People do remember the funny ones, yes. But I think people will also remember at least the sentiment if they see thousands getting the basics across, like 'fight the cuts' or 'tax the rich'.

Which is why we all remember 'can't pay won't pay' for example.


----------



## emma goldman (Mar 21, 2011)

Proper Tidy said:


> I can just imagine all the dinner ladies and firemen and civil servants and other union members, not convinced yet of the need for a complete transformation of society, reading a placard saying 'smash the state' and thinking 'oh go on then'.


 
I dont think that when people see any placard that they go "ok then, oh why didnt i think of that". Its a placard, you can use it to express what you feel and think. I'm a member of a union, lots of people i know are in unions, we dont all have the same ideas or politics, thats obvious but when i saw that "fuck the big society etc" banner it made me laugh. I thought it was good and perfectly described how i feel. You obviously think its stupid, thats fine. Lets hear one of your slogans/placard suggestions.


----------



## butchersapron (Mar 21, 2011)

Proper Tidy said:


> People do remember the funny ones, yes. But I think people will also remember at least the sentiment if they see thousands getting the basics across, like 'fight the cuts' or 'tax the rich'.
> 
> Which is why we all remember 'can't pay won't pay' for example.



They all remember that because it was part of life not because of placards. No one is going to be there to support the cuts. The sentiment is why they're there in the first place.


----------



## fractionMan (Mar 21, 2011)

8ball said:


> As someone with some sentiments in common with the OP, I agree with the above.
> 
> Targeting slogans wisely is the best way to have any hope of meaningful impact at this one.
> Too easy for the meeja to sow the seeds of confusion otherwise.

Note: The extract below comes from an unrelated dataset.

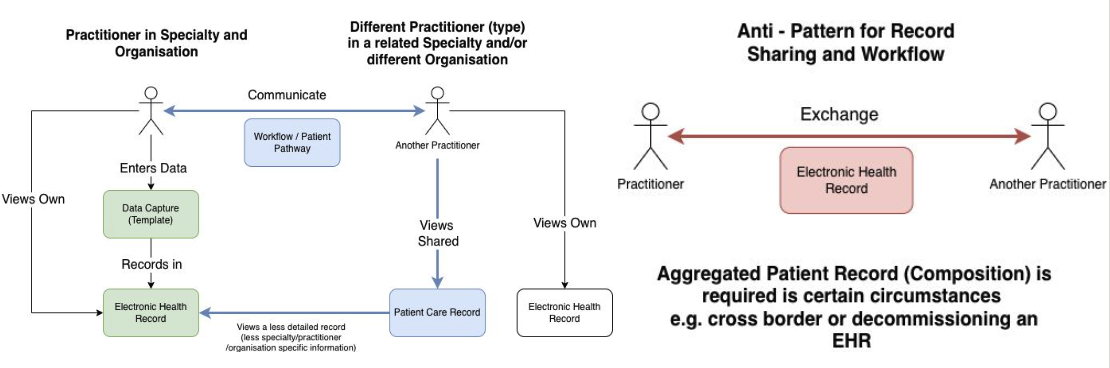 NHS England tends to go for the red box (exchange) and NHS Trusts the blue boxes (workflow and data sharing APIs). The difference is technical but it’s worth bearing in mind COVID 19 Vaccination took the “blue pill” route, it scales.

If that was their aim they'll have 50000 other placards to choose from anyway.


----------



## Proper Tidy (Mar 21, 2011)

emma goldman said:


> I dont think that when people see any placard that they go "ok then, oh why didnt i think of that". Its a placard, you can use it to express what you feel and think. I'm a member of a union, lots of people i know are in unions, we dont all have the same ideas or politics, thats obvious but when i saw that "fuck the big society etc" banner it made me laugh. I thought it was good and perfectly described how i feel. You obviously think its stupid, thats fine. Lets hear one of your slogans/placard suggestions.



I have.



Proper Tidy said:


> How about something like 'no cuts to jobs and services - make the bankers pay'. Not that ra-ra I know, but still.


----------



## 8ball (Mar 21, 2011)

fractionMan said:


> If that was their aim they'll have 50000 other placards to choose from anyway.


 
True, but 'fuck the big society, smash the state' just looks like confused nihilism to most people who'll see it via the media.


----------



## stethoscope (Mar 21, 2011)

Sod placards, I was going to keep my hands free ready for fisticuffs!


----------



## emma goldman (Mar 21, 2011)

Proper Tidy said:


> I have.


ok fair enough - apologies.
I like that one too.


----------



## Proper Tidy (Mar 21, 2011)

butchersapron said:


> They all remember that because it was part of life not because of placards.



Yet people remember the specific phrase.



butchersapron said:


> No one is going to be there to support the cuts. The sentiment is why they're there in the first place.


 
Fair point but it isn't just the demonstrators we are aiming to reach.

I don't think a huge proportion of state employees are going to be up for smashing the state quite yet.


----------



## DotCommunist (Mar 21, 2011)

'infiltrate and subvert the state through entryist tactics' isn't going to cut it either


----------



## butchersapron (Mar 21, 2011)

Proper Tidy said:


> Yet people remember the specific phrase.



Not because of the demo  though - because of the two years activity in their streets and workplaces.



> Fair point but it isn't just the demonstrators we are aiming to reach.
> 
> I don't think a huge proportion of state employees are going to be up for smashing the state quite yet.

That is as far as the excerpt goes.